> Instructions to follow: Beneath this instruction is a listing. Transcribe from it only the stretch from the line with "Sokaklarda omzundaki kuşuyla geziyor" through the line with "Women's Leopard Print", both end lines included, exactly as written.

> Information given:
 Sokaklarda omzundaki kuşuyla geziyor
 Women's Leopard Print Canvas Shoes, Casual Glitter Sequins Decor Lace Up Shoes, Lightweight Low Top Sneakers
==
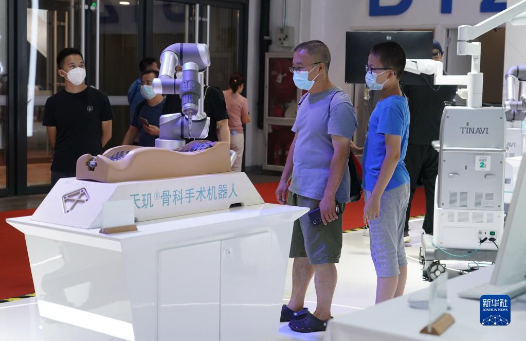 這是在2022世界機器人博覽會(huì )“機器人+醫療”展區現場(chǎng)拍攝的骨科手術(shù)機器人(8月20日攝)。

> Answer box:
 Sokaklarda omzundaki kuşuyla geziyor
 Women's Leopard Print Canvas Shoes, Casual Glitter Sequins Decor Lace Up Shoes, Lightweight Low Top Sneakers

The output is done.